On October 17th, 2019 The US Holocaust Memorial Museum in Washington D.C. hosted a screenign of FOR SAMA and a panel discussion with the filmmakers. 

The US Holocaust Memorial Museum is living memorial to the Holocaust that inspires citizens and leaders worldwide to confront hatred, prevent genocide, and promote human dignity and the venue is a reminder of the need to combat the human rights atrocities still taking place today, as seen in the film.

Welcome remarks were made by Raney Aronson-Rath, Executive Producer at FRONTLINE PBS, who said “This is much more than just a film: It's an unforgettable journey that places you at the heart of one of the most tragic conflicts of our time."

Screen Shot 2019-12-09 at 15.33.35.png

The evening’s programme encompassed an opening  statement to intorduce the film by Ms Halina Peabody, a Holocaust Survivor and Volunteer at the US Holocaust Memorial Museum. Her full speech can be viewed here.

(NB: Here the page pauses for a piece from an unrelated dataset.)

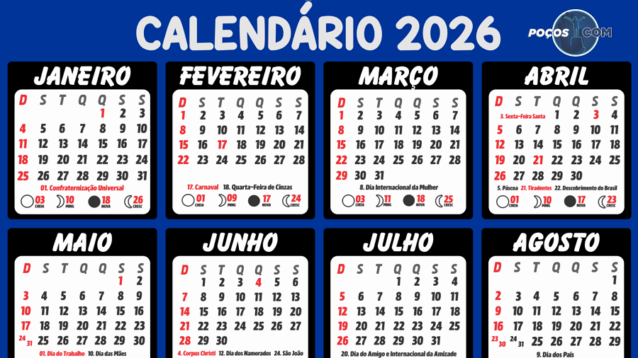 Confira o calendário de feriados nacionais e pontos facultativos em 2026:

Screen Shot 2019-12-09 at 15.33.29.png

After the film screening, Naomi Kikoler, Director of the Simon-Skjodt Center for the Prevention of Genocide at the Museum, hosted a panel disucssion with Waad al-Kateab, Ed Watts and Dr. Hamza al-Kateab. The Museum’s Simon-Skjodt Center is dedicated to stimulating timely global action to prevent genocide and to catalyze an international response when genocide does occur. 

Ms Kikoler closed the discussion by saying “the legacy of this work is going to live on for future generations and you have helped to set a historical record and hopefully it will also help to advance justice and the creation of a more fair Syria, one in which you're able to go home or other colleagues are able to go home, live and thrive in a diverse society, so it's an incredible honor and privilege for us to be able to host you tonight.”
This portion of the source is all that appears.